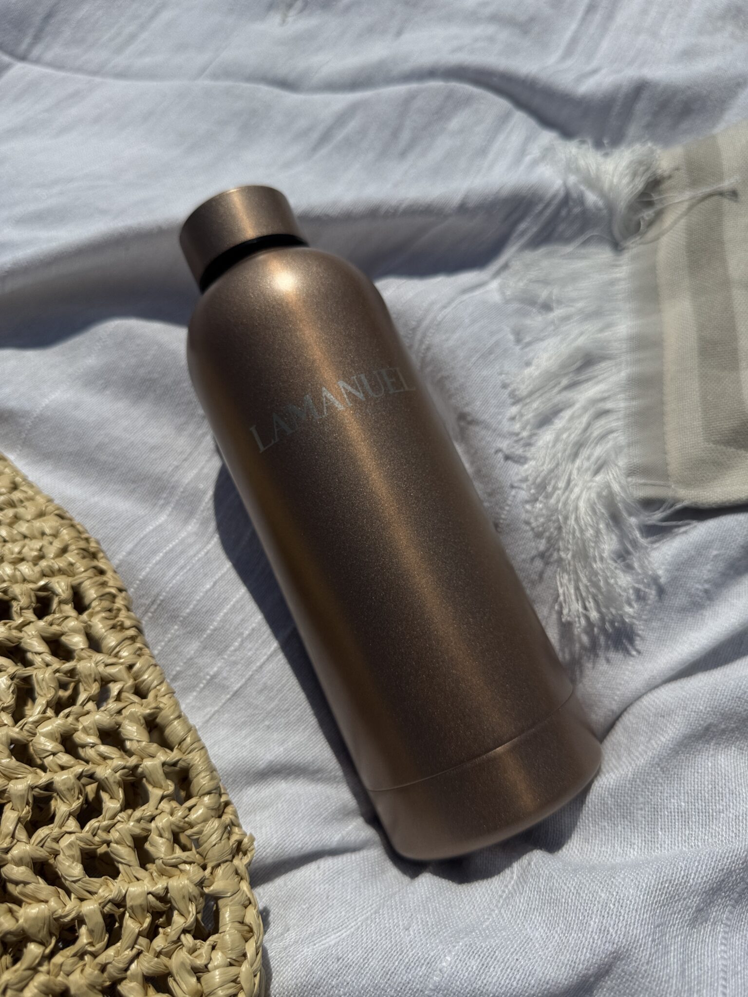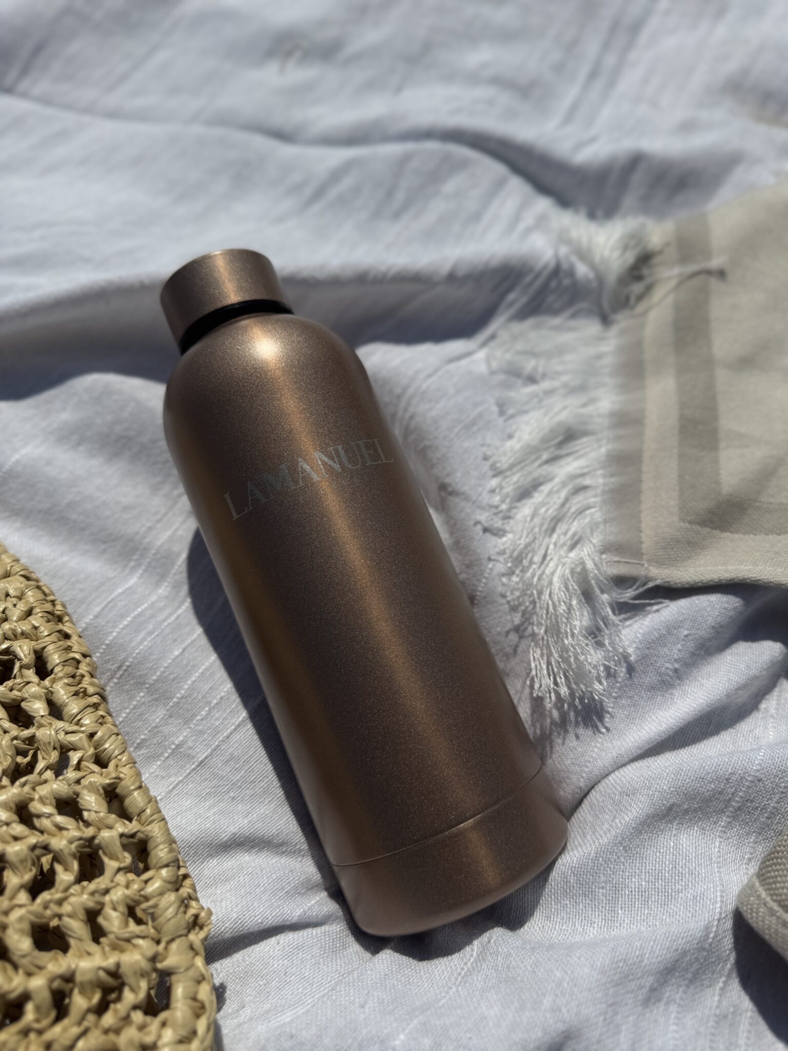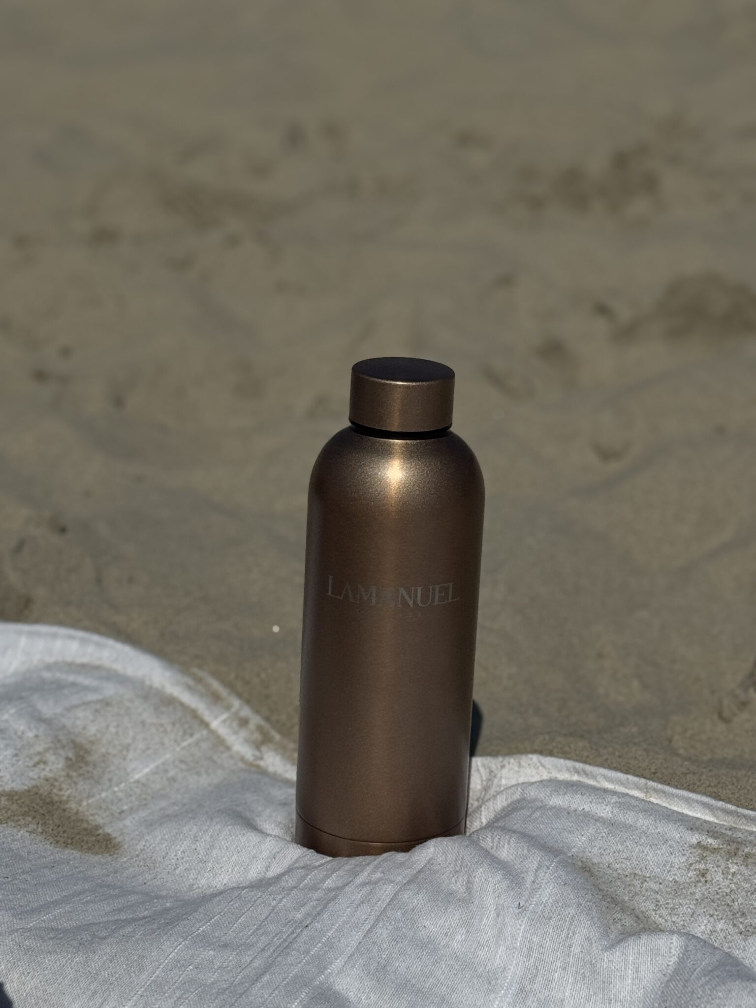 Minimalistyczna butelka z recyklingowanej stali nierdzewnej o pojemności 500 ml. Dwuścienna izolacja próżniowa chroni temperaturę napoju przez długie godziny.
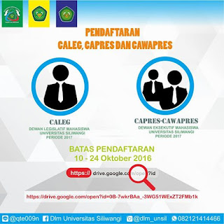 Bagi Mahasiswa Universitas Siliwangi yang ingin memberikan pesan dan harapan untuk CALEG, CAPRES beserta CAWAPRES 2017, silahkan kirim ke redaksi.persmaunsil@gmail.com
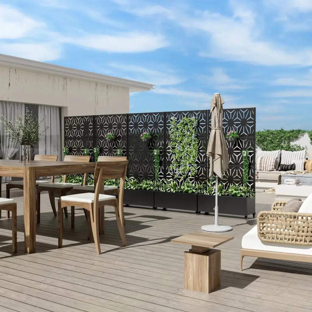 This innovative Trellis with Planter Box not only provides an excellent space for growing plants or vegetables, but its screen panels also add decorative elegance and support for climbing vines. It is made from durable galvanized metal, ensuring it can withstand harsh temperatures without cracking. Additionally, it offers a practical solution for hiding outdoor equipment like air conditioners.
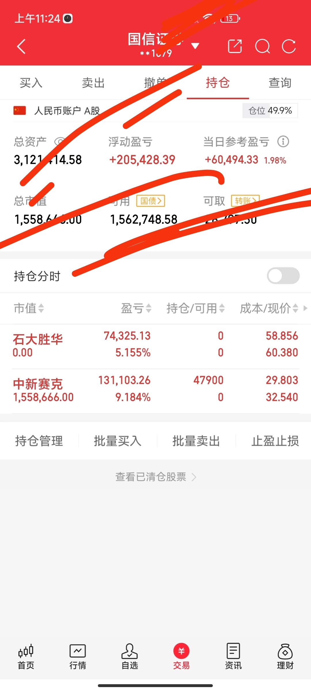 大家好,更新一下今日。将石大胜华止盈出局。新进了中新赛克,今天发展比较不错,继续
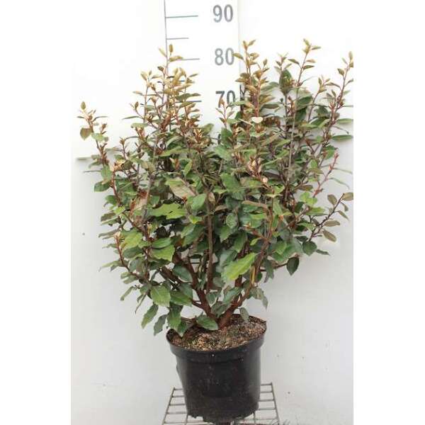 Elaeagnus x ebbingei 'Compacta' ist ein kompakt wachsender, buschiger Strauch mit kleinen, welligen silbergrauen Blättern.

************

▶ _Problem to solve_
Each line from the first line of the material above through the line containing "Bagi Mahasiswa Universitas" is to be reproduced exactly, with both ends kept and pictures left out.

▶ _Written response_
 Minimalistyczna butelka z recyklingowanej stali nierdzewnej o pojemności 500 ml. Dwuścienna izolacja próżniowa chroni temperaturę napoju przez długie godziny.
 Bagi Mahasiswa Universitas Siliwangi yang ingin memberikan pesan dan harapan untuk CALEG, CAPRES beserta CAWAPRES 2017, silahkan kirim ke redaksi.persmaunsil@gmail.com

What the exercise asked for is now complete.